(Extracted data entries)
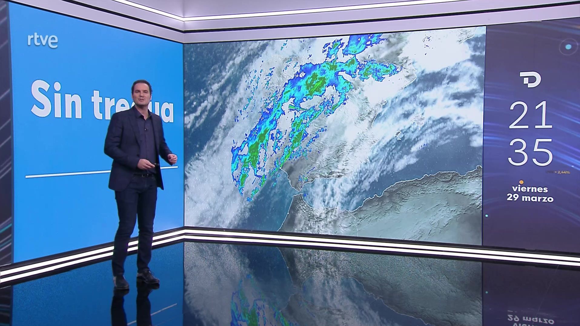 29/03/2024 00:06:13Se prevé que la Península siga afectada por la borrasca Nelson con frentes atlánticos, cielos nubosos o cubiertos y precipitaciones casi generalizadas, ocasionalmente acompañadas de tormentas. En el extremo oriental peninsular son menos probables y se darían de modo débil, disperso y acompañadas de barro, mientras que en Baleares no se esperan. Las precipitaciones serán más abundantes en el cuadrante suroeste peninsular, Aragón y Pirineos, donde pueden ser localmente fuertes y persistentes. En Canarias, un frente atlántico dejará cielos nubosos y precipitaciones, que podrán ser localmente fuertes en la mitad occidental del archipiélago, y menos probables en las islas orientales.
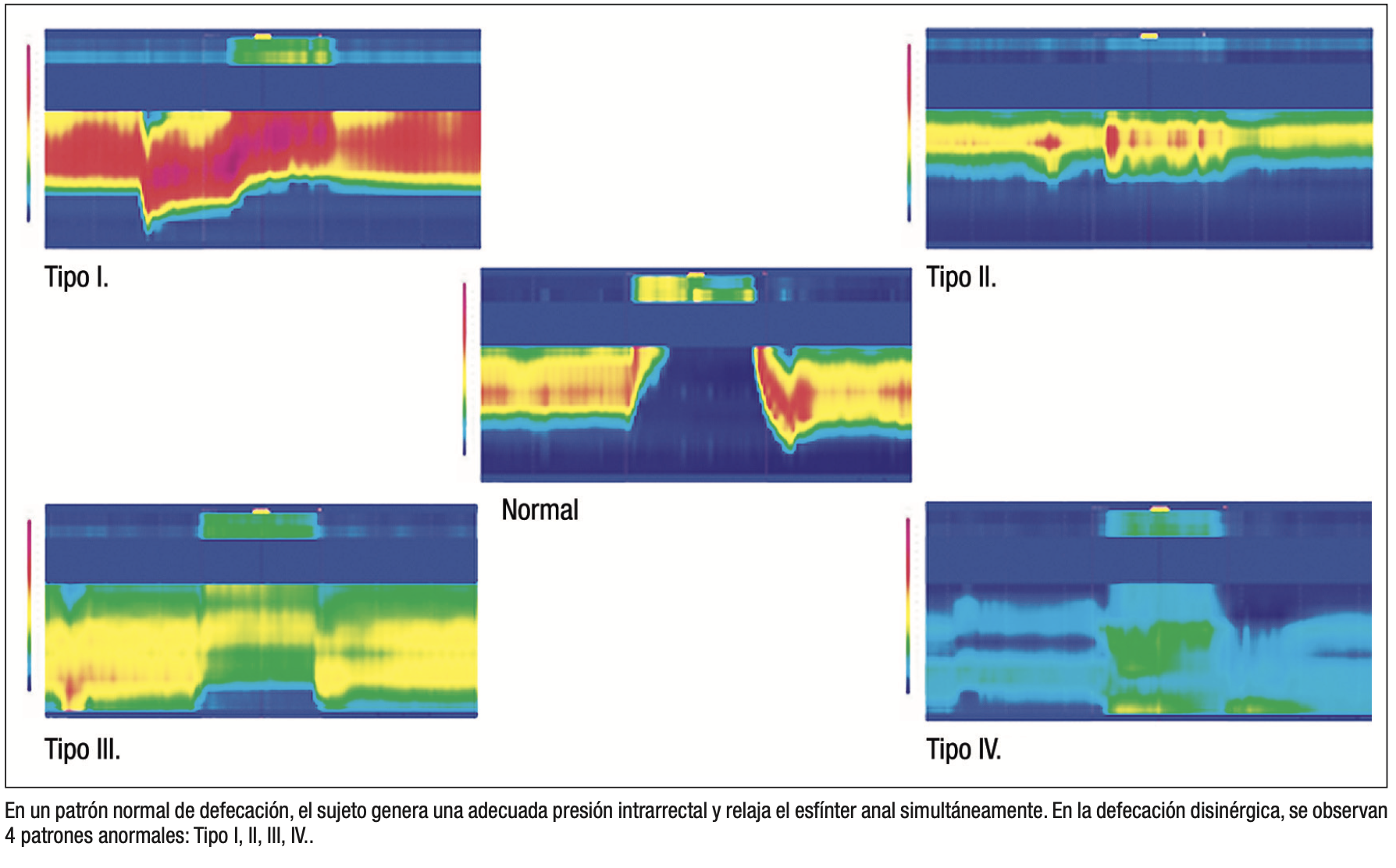 - Disinergia defecatoria, con contracción del suelo pélvico alterada, valorado mediante manometría anorrectal o sonda anal de electromiografía, con una correcta propulsión defecatoria durante la maniobra de defecación.
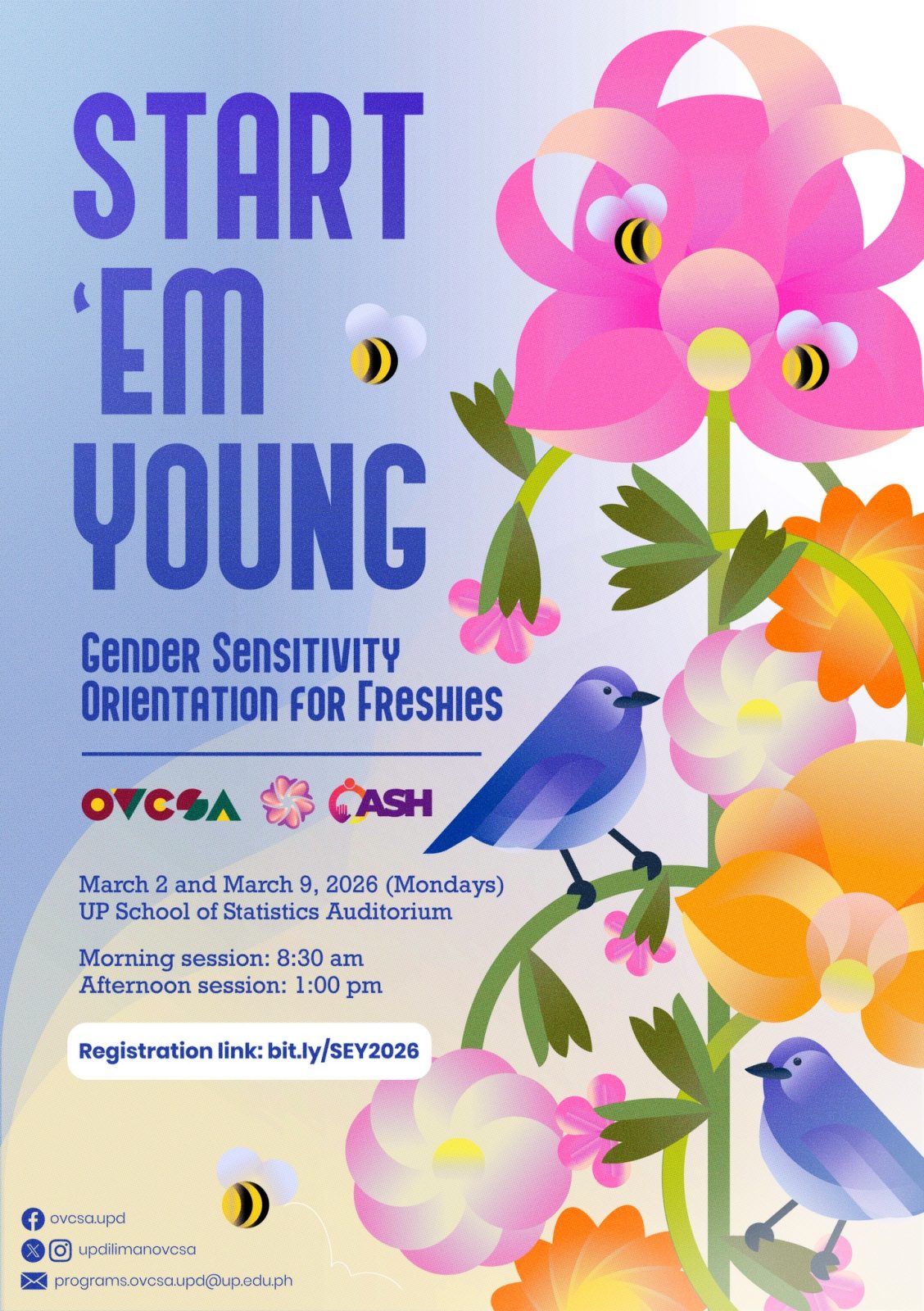 Date: Mar 9 | 8:30 AM - 4:00 PMThe “Start ‘Em Young: Gender Sensitivity Orientation for Freshies” will be held on March 2 and 9, Mondays, 8:30 a.m.–12:00 p.m. and 1:00–4:30 p.m., at the UP Diliman (UPD) School of Statistics Auditorium.
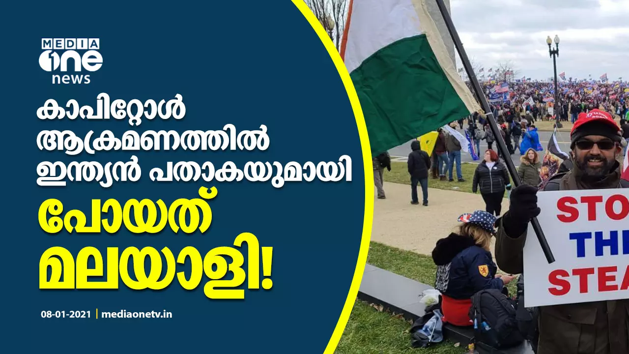 കാപിറ്റോള് ആക്രമണത്തില് ഇന്ത്യന് പതാകയുമായി പോയത് മലയാളി!
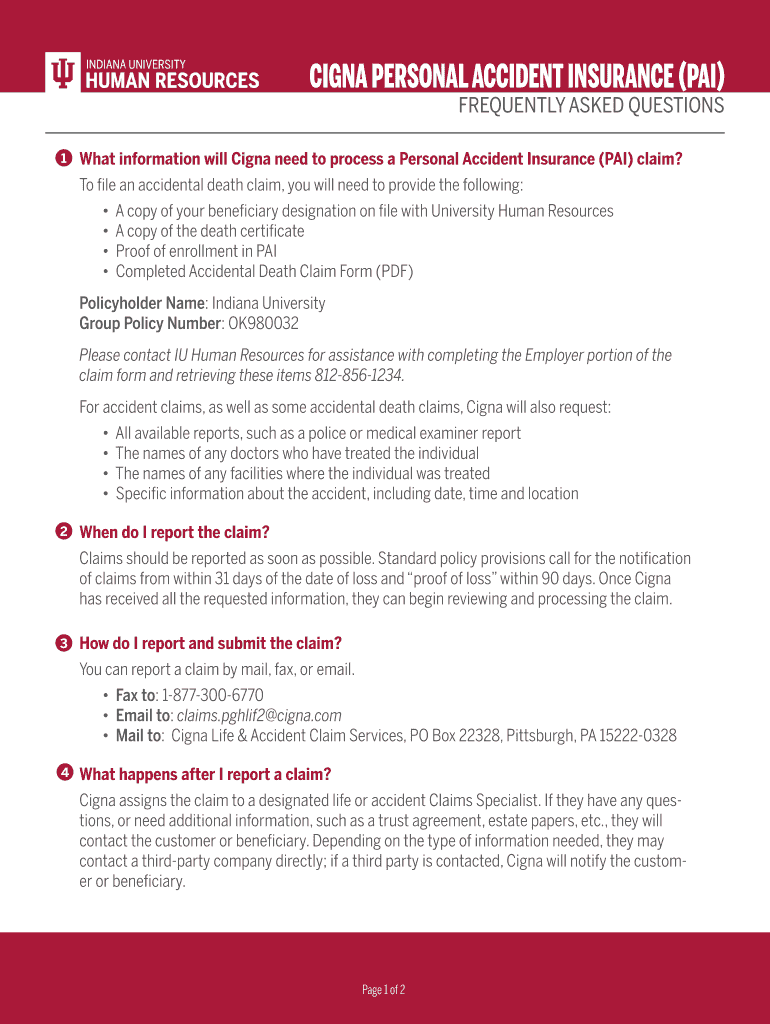 Get the free CIGNA PERSONAL ACCIDENT INSURANCE (PAI)
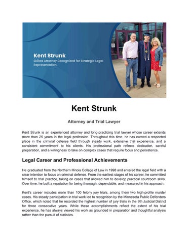 Kent Strunk is an attorney and trial lawyer with more than 25 years of experience in criminal defense. Over the course of his career, he has built a reputation for steady preparation, clear strategy, and consistent dedication to those he represents. His work reflects careful judgment and long-term commitment to the legal profession. Kent graduated from the Northern Illinois College of Law in 1998 and entered criminal defense immediately. Early in his career, he became known for his courtroom focus. He has completed more than 100 felony jury trials, including two high-profile murder cases. For three consecutive years, the Minnesota Public Defenders Office recognized him for conducting the highest number of jury trials in the 9th Judicial District. His approach relies on detailed analysis, thoughtful planning, and disciplined advocacy, earning him respect across Minnesota’s legal community. His professional experience includes work beyond traditional legal practice. From March 2022 to July 2024, he worked with the National Opinion Research Center in Chicago, contributing to national survey efforts. His duties involved conducting field interviews for studies such as the Consumer Finance Survey and the Early Childcare and Education Survey. This work required accuracy, strong communication skills, and effective organization. He considers this period an essential part of his career, as it supported research that informs national programs and policy. Community involvement has long been significant to him. Kent Strunk has supported the United Way, including service as a disbursement judge, and has been a donor and supporter of the Boys and Girls Club. His work often includes mentoring and assisting organizations during demanding times, reflecting his interest in public service.

◆ **What is required**
Transcribe every line in the entries above, taking out only the images.

◆ **Response**
 29/03/2024 00:06:13Se prevé que la Península siga afectada por la borrasca Nelson con frentes atlánticos, cielos nubosos o cubiertos y precipitaciones casi generalizadas, ocasionalmente acompañadas de tormentas. En el extremo oriental peninsular son menos probables y se darían de modo débil, disperso y acompañadas de barro, mientras que en Baleares no se esperan. Las precipitaciones serán más abundantes en el cuadrante suroeste peninsular, Aragón y Pirineos, donde pueden ser localmente fuertes y persistentes. En Canarias, un frente atlántico dejará cielos nubosos y precipitaciones, que podrán ser localmente fuertes en la mitad occidental del archipiélago, y menos probables en las islas orientales.
 - Disinergia defecatoria, con contracción del suelo pélvico alterada, valorado mediante manometría anorrectal o sonda anal de electromiografía, con una correcta propulsión defecatoria durante la maniobra de defecación.
 Date: Mar 9 | 8:30 AM - 4:00 PMThe “Start ‘Em Young: Gender Sensitivity Orientation for Freshies” will be held on March 2 and 9, Mondays, 8:30 a.m.–12:00 p.m. and 1:00–4:30 p.m., at the UP Diliman (UPD) School of Statistics Auditorium.
 കാപിറ്റോള് ആക്രമണത്തില് ഇന്ത്യന് പതാകയുമായി പോയത് മലയാളി!
 Get the free CIGNA PERSONAL ACCIDENT INSURANCE (PAI)
 Kent Strunk is an attorney and trial lawyer with more than 25 years of experience in criminal defense. Over the course of his career, he has built a reputation for steady preparation, clear strategy, and consistent dedication to those he represents. His work reflects careful judgment and long-term commitment to the legal profession. Kent graduated from the Northern Illinois College of Law in 1998 and entered criminal defense immediately. Early in his career, he became known for his courtroom focus. He has completed more than 100 felony jury trials, including two high-profile murder cases. For three consecutive years, the Minnesota Public Defenders Office recognized him for conducting the highest number of jury trials in the 9th Judicial District. His approach relies on detailed analysis, thoughtful planning, and disciplined advocacy, earning him respect across Minnesota’s legal community. His professional experience includes work beyond traditional legal practice. From March 2022 to July 2024, he worked with the National Opinion Research Center in Chicago, contributing to national survey efforts. His duties involved conducting field interviews for studies such as the Consumer Finance Survey and the Early Childcare and Education Survey. This work required accuracy, strong communication skills, and effective organization. He considers this period an essential part of his career, as it supported research that informs national programs and policy. Community involvement has long been significant to him. Kent Strunk has supported the United Way, including service as a disbursement judge, and has been a donor and supporter of the Boys and Girls Club. His work often includes mentoring and assisting organizations during demanding times, reflecting his interest in public service.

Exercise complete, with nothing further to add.